• [Problem description]: Which lines come from the start of the listing through the line holding "잘 모르고 일찍 가서"? Restate exactly those, both included, minus the pictures.

• [The data]:
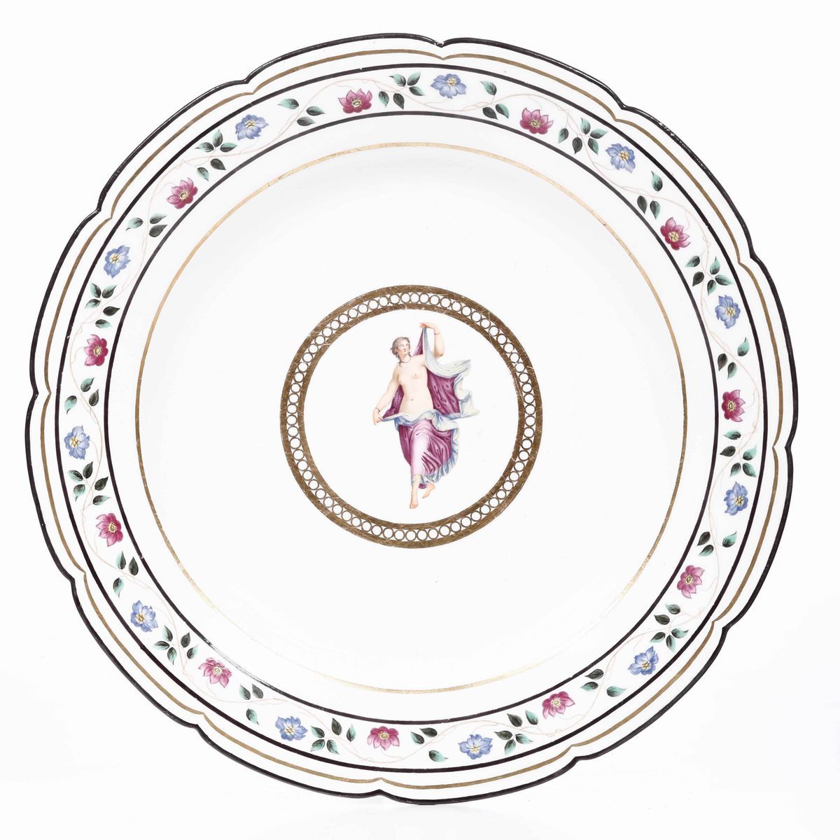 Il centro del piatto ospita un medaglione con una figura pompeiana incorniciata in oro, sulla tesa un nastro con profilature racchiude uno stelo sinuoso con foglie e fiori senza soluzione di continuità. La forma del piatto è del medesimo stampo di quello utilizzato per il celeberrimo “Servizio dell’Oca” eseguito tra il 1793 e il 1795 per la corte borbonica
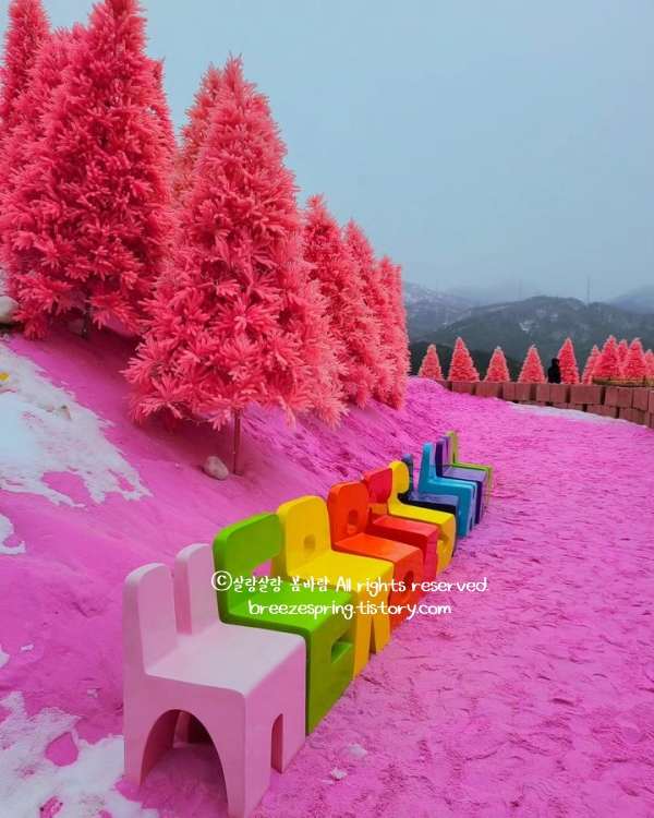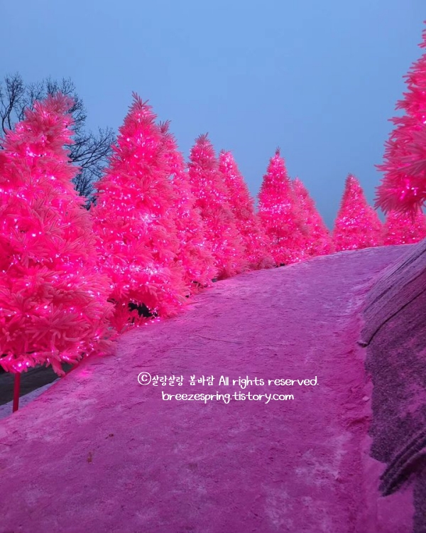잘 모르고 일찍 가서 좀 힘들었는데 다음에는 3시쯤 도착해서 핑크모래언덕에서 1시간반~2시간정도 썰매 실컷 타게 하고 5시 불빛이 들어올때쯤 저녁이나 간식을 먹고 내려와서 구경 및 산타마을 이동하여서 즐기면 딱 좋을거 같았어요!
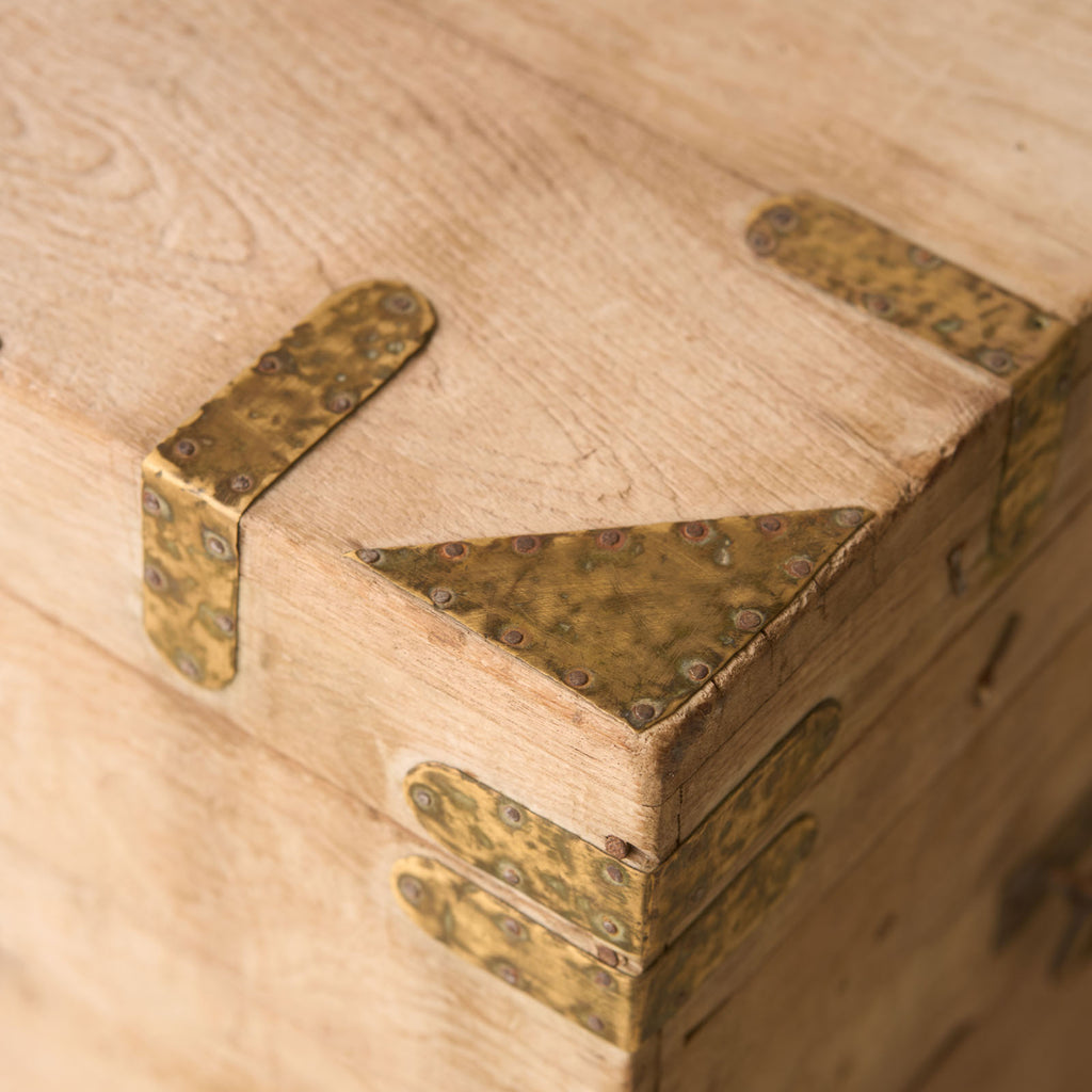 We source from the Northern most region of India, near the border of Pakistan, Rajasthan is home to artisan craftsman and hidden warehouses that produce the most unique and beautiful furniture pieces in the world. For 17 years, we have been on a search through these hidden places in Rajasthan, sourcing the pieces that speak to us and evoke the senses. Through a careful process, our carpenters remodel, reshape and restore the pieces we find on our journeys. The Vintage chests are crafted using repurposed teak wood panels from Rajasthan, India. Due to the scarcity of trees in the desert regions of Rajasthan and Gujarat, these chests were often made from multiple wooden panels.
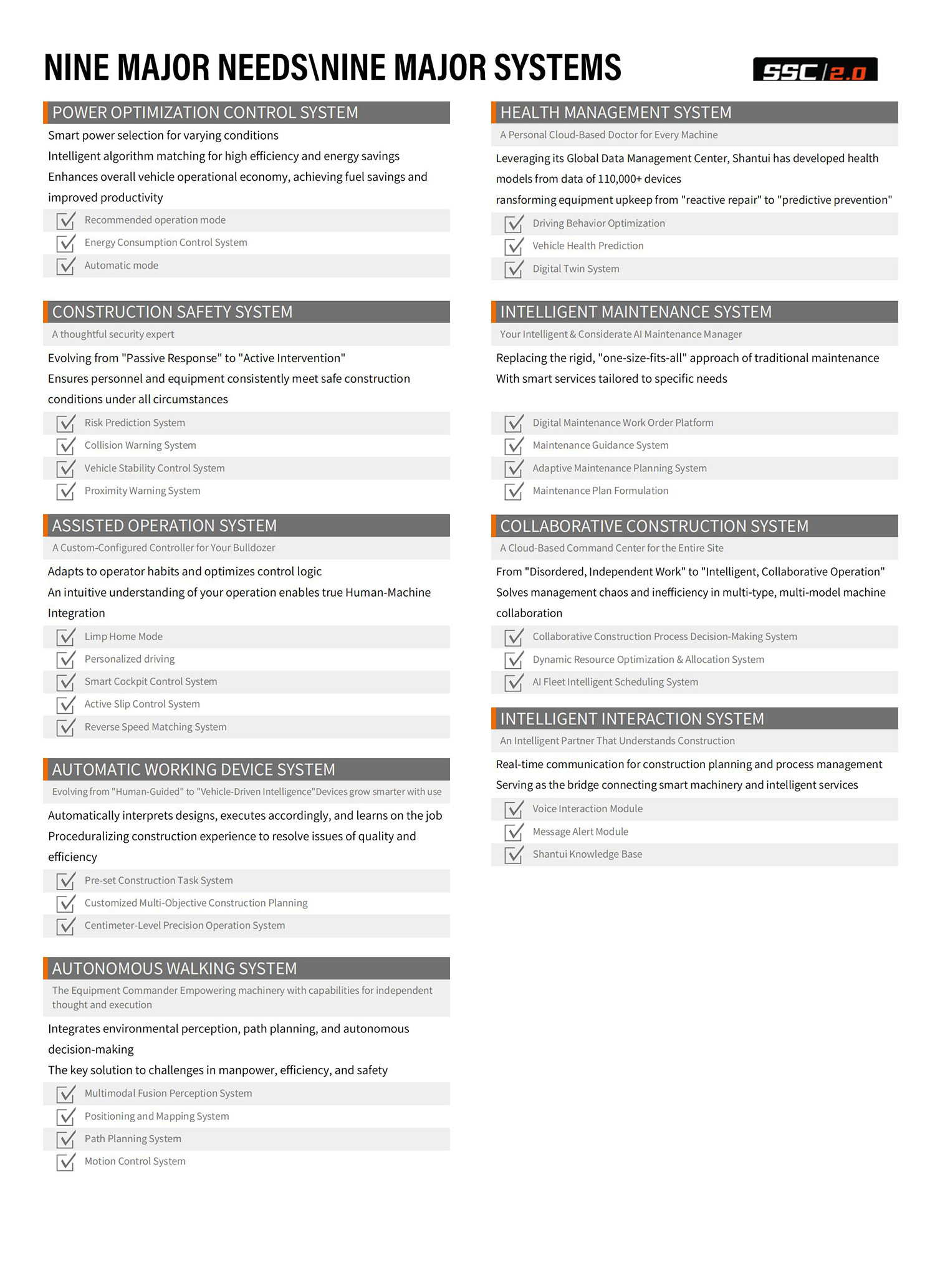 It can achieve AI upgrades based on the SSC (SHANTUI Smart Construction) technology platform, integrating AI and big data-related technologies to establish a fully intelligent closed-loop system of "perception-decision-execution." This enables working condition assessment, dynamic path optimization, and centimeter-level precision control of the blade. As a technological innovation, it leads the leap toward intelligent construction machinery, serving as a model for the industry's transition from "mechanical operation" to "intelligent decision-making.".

• [Task answer]:
 Il centro del piatto ospita un medaglione con una figura pompeiana incorniciata in oro, sulla tesa un nastro con profilature racchiude uno stelo sinuoso con foglie e fiori senza soluzione di continuità. La forma del piatto è del medesimo stampo di quello utilizzato per il celeberrimo “Servizio dell’Oca” eseguito tra il 1793 e il 1795 per la corte borbonica
잘 모르고 일찍 가서 좀 힘들었는데 다음에는 3시쯤 도착해서 핑크모래언덕에서 1시간반~2시간정도 썰매 실컷 타게 하고 5시 불빛이 들어올때쯤 저녁이나 간식을 먹고 내려와서 구경 및 산타마을 이동하여서 즐기면 딱 좋을거 같았어요!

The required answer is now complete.